### TASK BRIEF
Write the entries below out again exactly; any picture in them stays out.

[Start of Attachment]

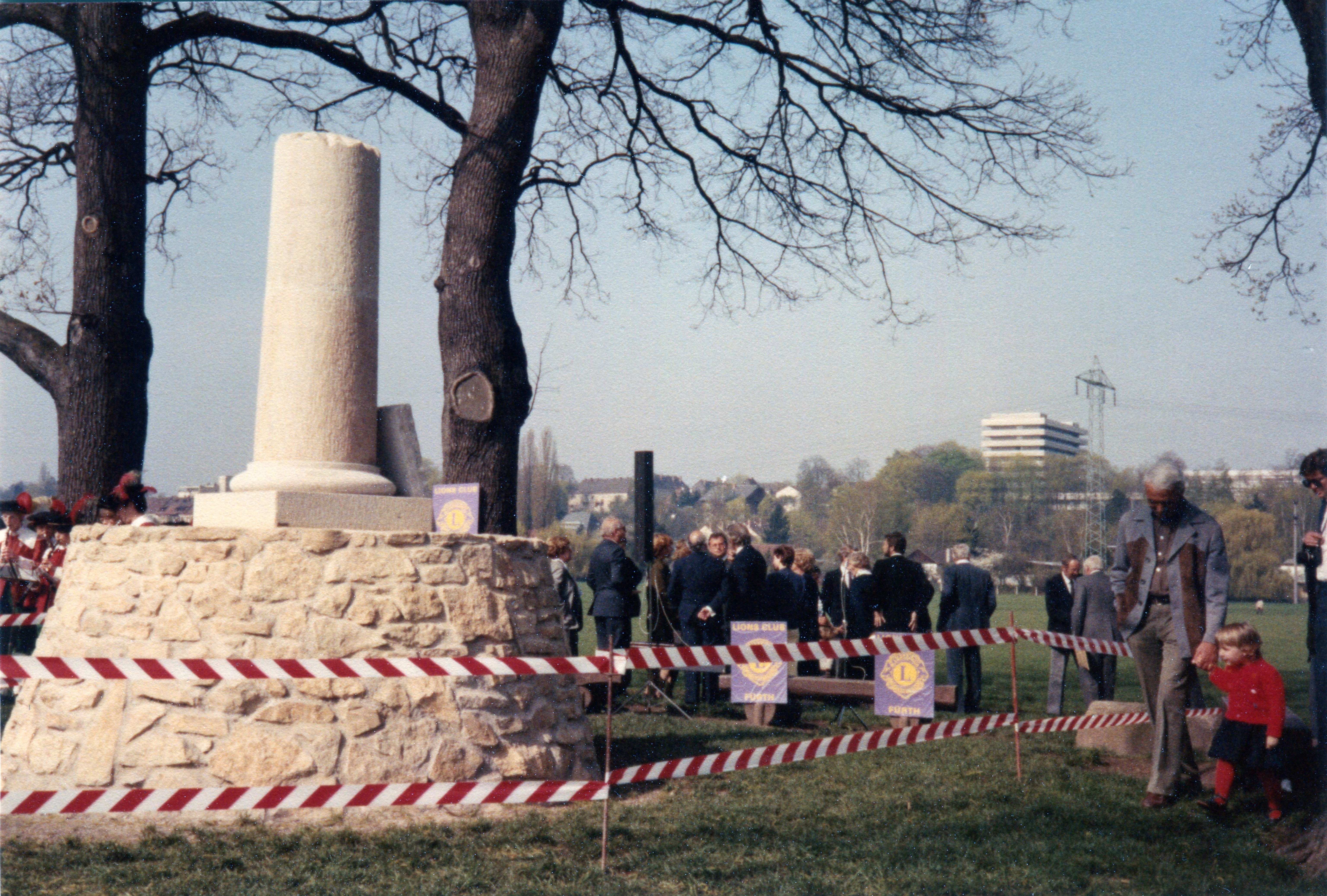 | Beschreibung | Eröffnung des neuen Gedenksteins und Denkmals der Martinskapelle durch den Lions Club Fürth im April 1983. Im Hintergrund Hochhaus das ehem. Kinderklinik. | ||
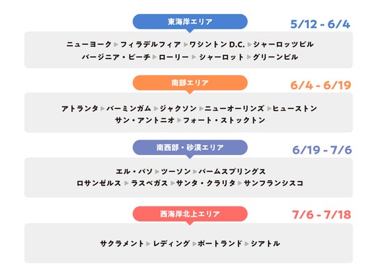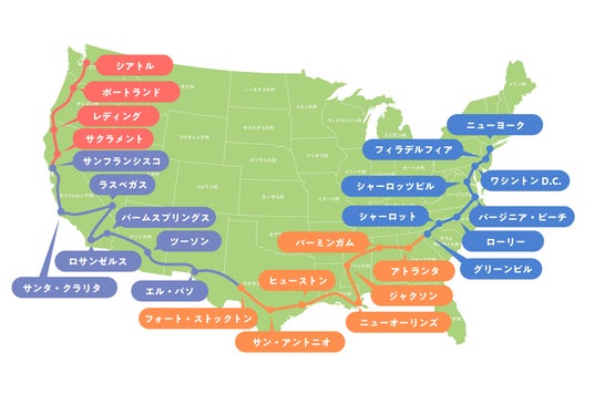 ニューヨークからシアトルまで26の市を滞在ルート
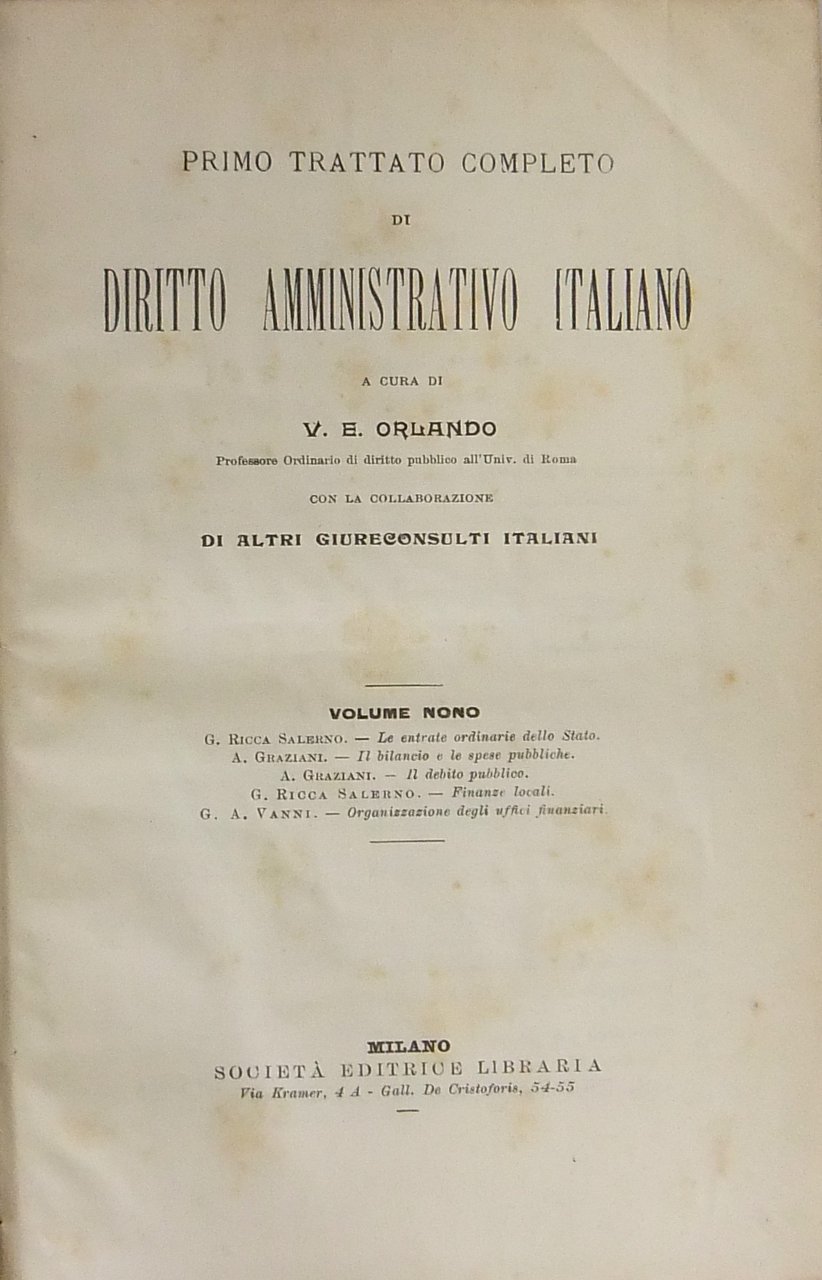 Primo trattato completo di diritto amministrativo italiano. Con la collaborazione di altri giureconsulti italiani. Vol. IX - G. Ricca Salerno: Le entrate ordinarie dello Stato. A. Graziani: Il bilancio e le spese pubbliche. A. Graziani: Il debito pubblico. G. Ricca Salerno: Finanze locali. G.A. Vanni: Organizzazione degli uffici finanziari | Libri antichi e moderni | Orlando Vittorio Emanuele (A C. Di), Orlando Vittorio Emanuele
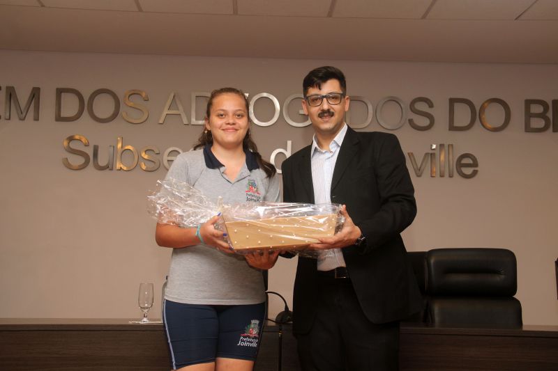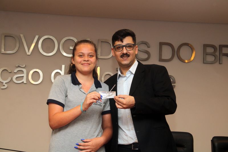 Estiveram presentes o presidente da OAB Joinville, Óliver Jander Costa Pereira; o secretário-geral adjunto, Rafael Luiz Siewert; a tesoureira, Kathleen Zago Appi Lótici; a presidente da Comissão "OAB Vai à Escola", Caroline Luise Francisco; a conselheira, Elioena Elias Silveira Freire; a vice-presidente e o membro da Comissão “OAB Vai à Escola”, Ligia Manchenho Portilio e João Victor Perini Luz, respectivamente.
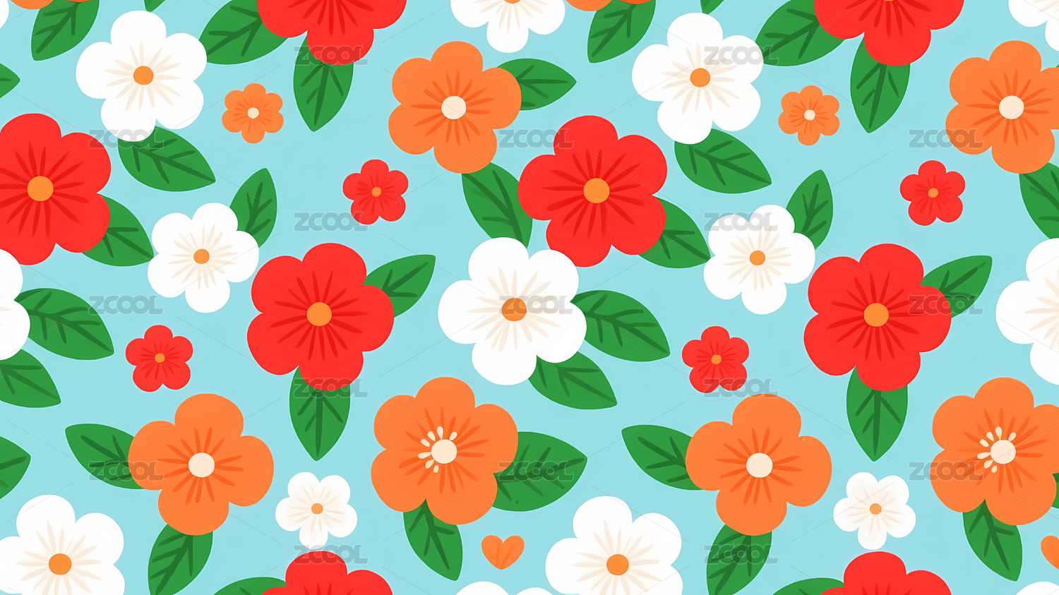 绿色,叶子,浅蓝,花朵,白色,清新,自然,明亮,粉色,橙色
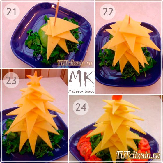 Идея довольно простоя в исполнении, так что с ней будет по силам справиться каждой домохозяйке. Делать такие елочки можно из чего угодно, а на новогоднем столе они будут смотреться нарядно, эффектно и натурально. Подобные ёлки (особенно небольших размеров) могут стать украшением различных блюд и закусок.
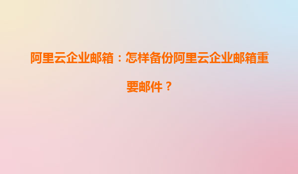 阿里云企业邮箱:怎样备份阿里云企业邮箱重要邮件?
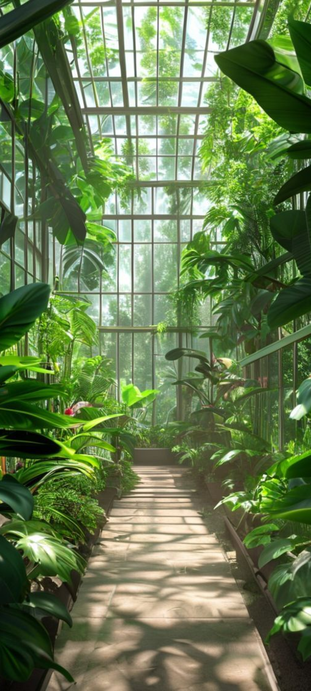 Greenhouse Interior Botanical Garden Glass Photorealistic Wallpaper

[End of Attachment]

### RESPONSE AREA
 | Beschreibung | Eröffnung des neuen Gedenksteins und Denkmals der Martinskapelle durch den Lions Club Fürth im April 1983. Im Hintergrund Hochhaus das ehem. Kinderklinik. | ||
 ニューヨークからシアトルまで26の市を滞在ルート
 Primo trattato completo di diritto amministrativo italiano. Con la collaborazione di altri giureconsulti italiani. Vol. IX - G. Ricca Salerno: Le entrate ordinarie dello Stato. A. Graziani: Il bilancio e le spese pubbliche. A. Graziani: Il debito pubblico. G. Ricca Salerno: Finanze locali. G.A. Vanni: Organizzazione degli uffici finanziari | Libri antichi e moderni | Orlando Vittorio Emanuele (A C. Di), Orlando Vittorio Emanuele
 Estiveram presentes o presidente da OAB Joinville, Óliver Jander Costa Pereira; o secretário-geral adjunto, Rafael Luiz Siewert; a tesoureira, Kathleen Zago Appi Lótici; a presidente da Comissão "OAB Vai à Escola", Caroline Luise Francisco; a conselheira, Elioena Elias Silveira Freire; a vice-presidente e o membro da Comissão “OAB Vai à Escola”, Ligia Manchenho Portilio e João Victor Perini Luz, respectivamente.
 绿色,叶子,浅蓝,花朵,白色,清新,自然,明亮,粉色,橙色
 Идея довольно простоя в исполнении, так что с ней будет по силам справиться каждой домохозяйке. Делать такие елочки можно из чего угодно, а на новогоднем столе они будут смотреться нарядно, эффектно и натурально. Подобные ёлки (особенно небольших размеров) могут стать украшением различных блюд и закусок.
 阿里云企业邮箱:怎样备份阿里云企业邮箱重要邮件?
 Greenhouse Interior Botanical Garden Glass Photorealistic Wallpaper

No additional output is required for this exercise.